Metadata-Version: 1.1
Name: imohash
Version: 1.0.0
Summary: Fast hashing for large files
Home-page: https://github.com/kalafut/py-imohash
Author: Jim Kalafut
Author-email: jim@kalafut.net
License: MIT
Description: imohash
        =======
        
        imohash is a fast, constant-time hashing library. It uses file
        size and sampling to calculate hashes quickly, regardless of file size.
        It was originally released as a `Go library <https://github.com/kalafut/imohash>`__.
        
        ``imosum`` is a sample application to hash files from the command line, similar to
        md5sum.
        
        Installation
        ------------
        
        ``pip install imohash``
        
        Usage
        -----
        
        As a library:
        
        .. code-block:: python
        
            from imohash import hashfile
        
            hashfile('foo.txt')
            'O\x9b\xbd\xd3[\x86\x9dE\x0e3LI\x83\r~\xa3'
        
            hashfile('foo.txt', hexdigest=True)
            'a608658926d8aa86b3db8208ad279bfe'
        
            # just hash the whole file if smaller then 200000 bytes. Default is 128K
            hashfile('foo.txt', sample_threshhold=200000)

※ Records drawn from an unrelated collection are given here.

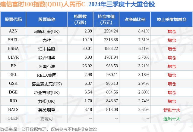 从基金规模来看,建信富时100指数(QDII)人民币C基金2024年三季度公布的基金规模为1.57亿元,较上一期规模1.57亿元变化了-62.85万元,环比变化了-0.4%。该基金最新一期资产配置为:股票占净值比89.54%,无债券类资产,现金占净值比10.45%。从基金持仓来看,该基金当季前十大股票仓位达45.32%,第一大重仓股为阿斯利康(UK)(AZN),持仓占比为8.41%。
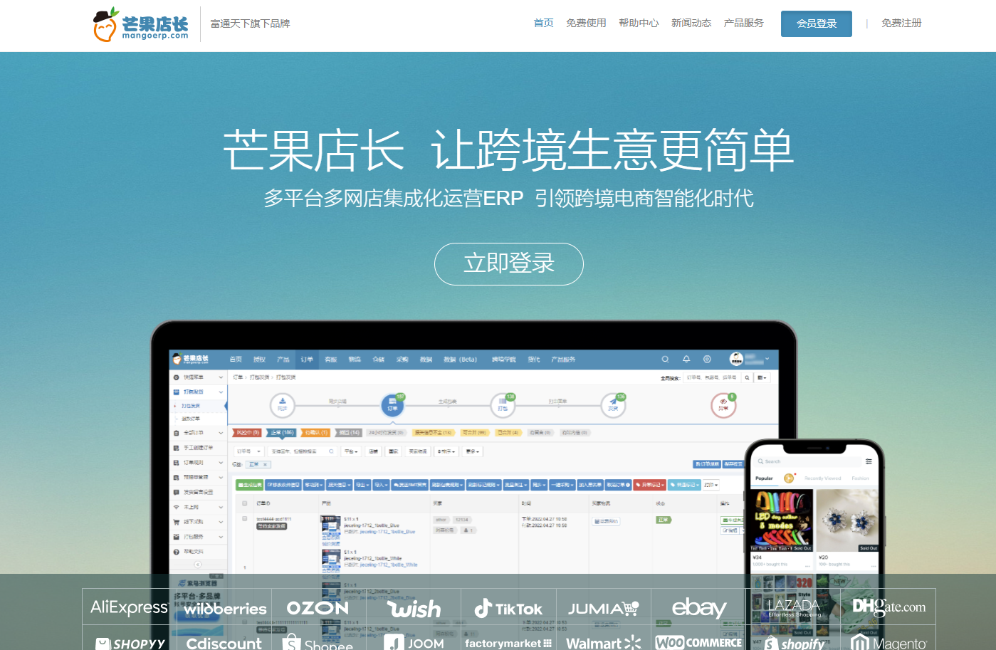芒果店长官网是深度求索公司为全球跨境电商卖家打造的一站式ERP解决方案的门户。它不仅是了解芒果店长最新功能、版本更新和官方资讯的首选平台,更是卖家注册、登录系统,开启高效旅程的起点。在这里,卖家可以全面洞悉产品如何解决多平台管理、订单处理、物流发货、仓储管理等核心痛点。
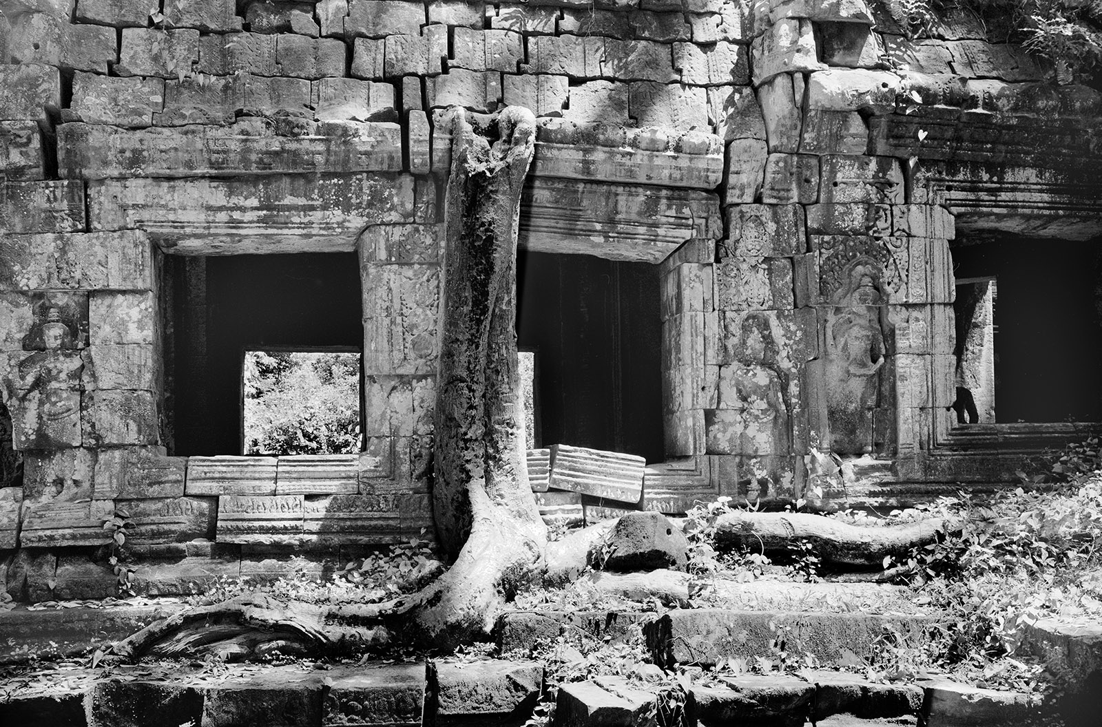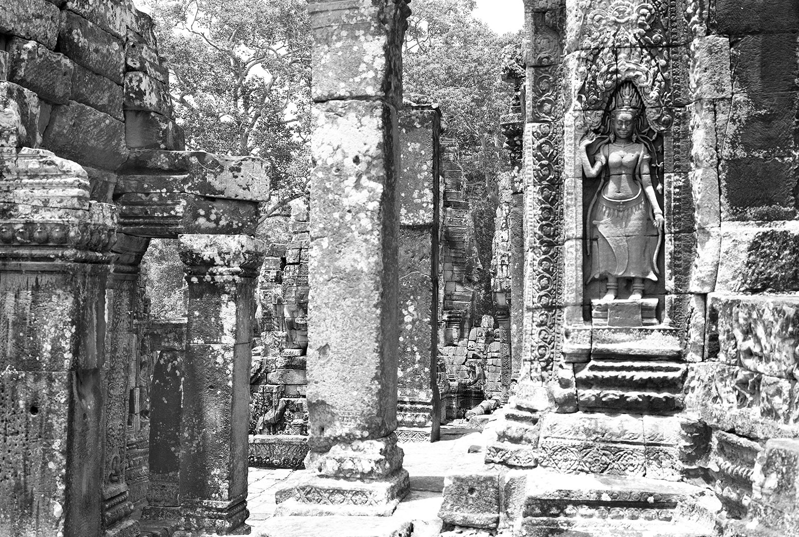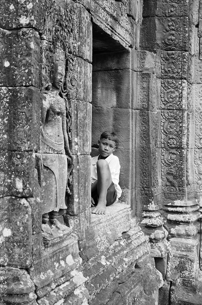 Mais je dois surtout ces photos à un adorable petit bonhomme, mon assistant cambodgien qui connaissait les temples bien mieux que les fonctionnaires du Musée Guimet… qui s’appelait Veun et qui m’a protégé des serpents et des bombes anti personnelles qui jonchaient encore les sites archéologiques !
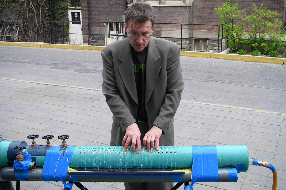 Thursday afternoon, 2006 May 4th, showing the Hydraulophone to Gage Averill and others at the Faculty of Music
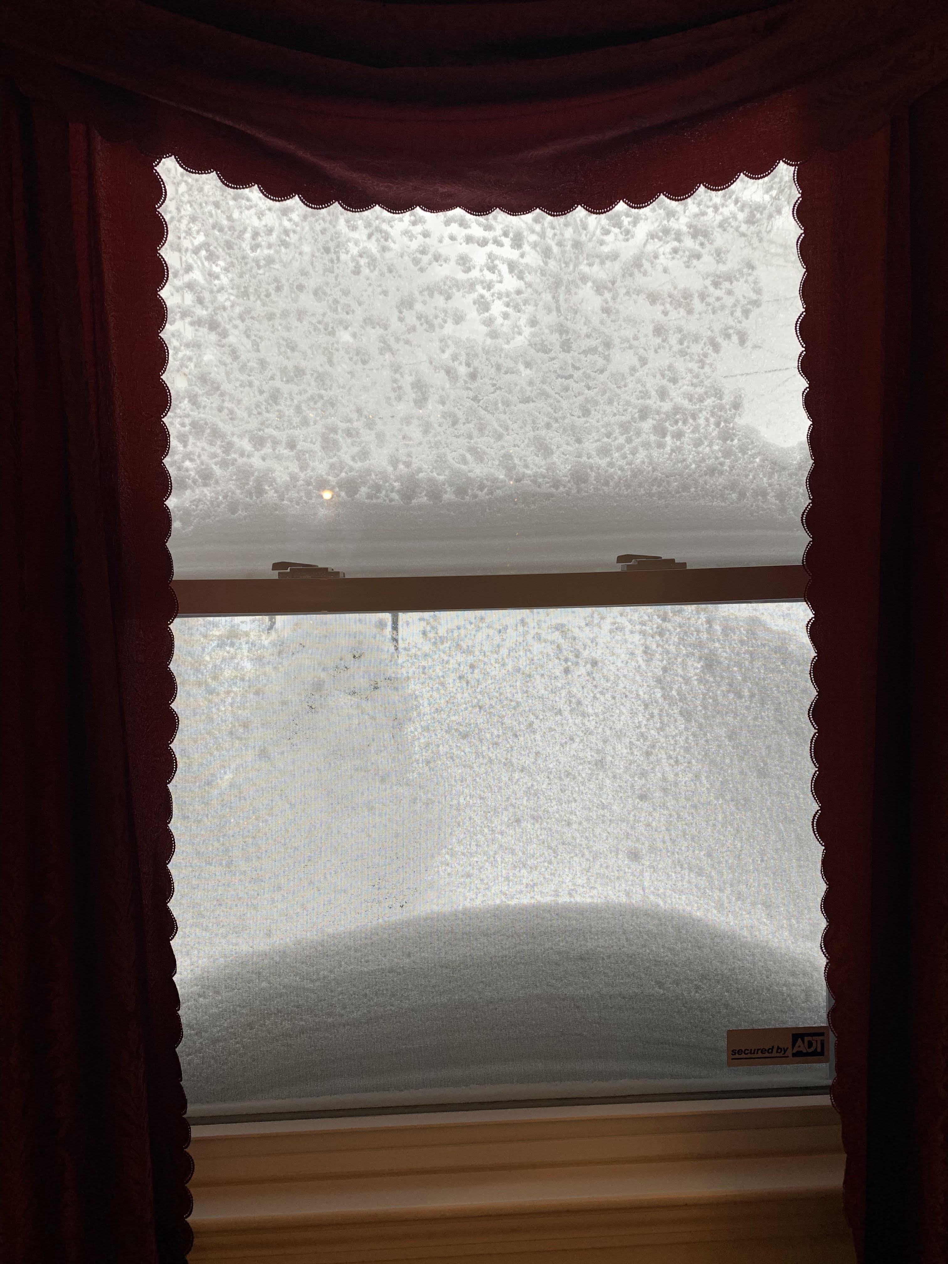 쌓인 눈 때문에 창밖이 안 보인다.
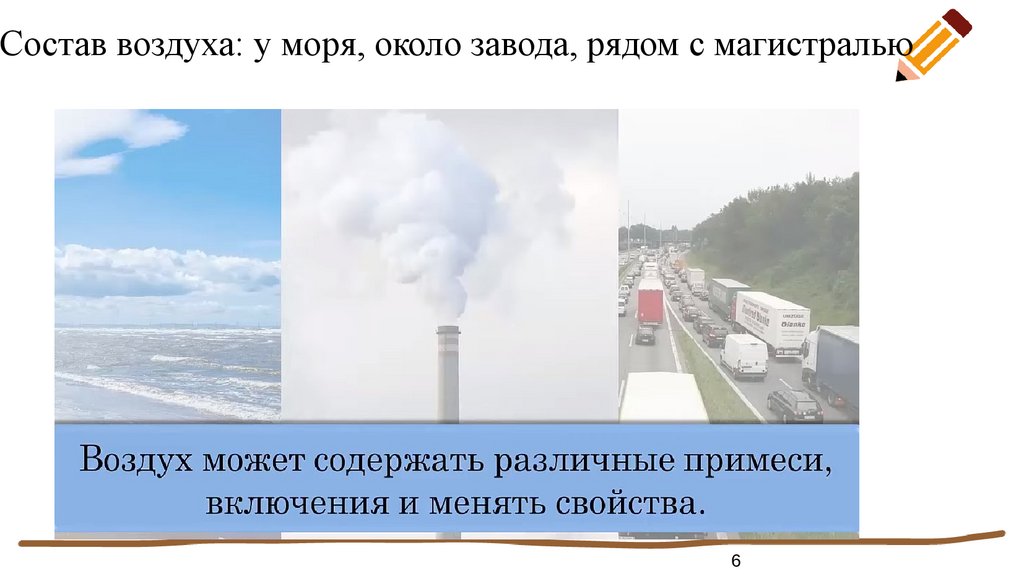Состав воздуха: у моря, около завода, рядом с магистралью6

            'x86\x9dE\x0e3LI\x83\r~\xa3O\x9b\xbd\xd3[E'
        
            # use samples of 1000 bytes. Default is 16K
            hashfile('foo.txt', sample_size=1000)
            'E\x0e3LI\x83\r~\xa3O\x9b\xbd\xd3[E\x23\x25'
        
        Or from the command line:
        
        ``imosum *.jpg``
        
        Uses
        ----
        
        Because imohash only reads a small portion of a file's data, it is very
        fast and well suited to file synchronization and deduplication,
        especially over a fairly slow network. A need to manage media (photos
        and video) over Wi-Fi between a NAS and multiple family computers is how
        the library was born.
        
        If you just need to check whether two files are the same, and understand
        the limitations that sampling imposes (see below), imohash may be a good
        fit.
        
        Misuses
        -------
        
        Because imohash only reads a small portion of a file's data, it is not
        suitable for:
        
        -  file verification or integrity monitoring
        -  cases where fixed-size files are manipulated
        -  anything cryptographic
        
        Design
        ------
        
        (Note: a more precise description is provided in the `algorithm
        description <https://github.com/kalafut/imohash/blob/master/algorithm.md>`__.)
        
        imohash is works by hashing small chunks of data from the beginning,
        middle and end of a file. It also incorporates the file size into the
        final 128-bit hash. This approach is based on a few assumptions which
        will vary by application. First, file size alone *tends* (1) to be a
        pretty good differentiator, especially as file size increases. And when
        people do things to files (such as editing photos), size tends to
        change. So size is used directly in the hash, and **any files that have
        different sizes will have different hashes**.
        
        Size is an effective differentiator but isn't sufficient. It can show
        that two files aren't the same, but to increase confidence that
        like-size files are the same, a few segments are hashed using
        `murmur3 <https://en.wikipedia.org/wiki/MurmurHash>`__, a fast and
        effective hashing algorithm. By default, 16K chunks from the beginning,
        middle and end of the file are used. The ends of files often contain
        metadata which is more prone to changing without affecting file size.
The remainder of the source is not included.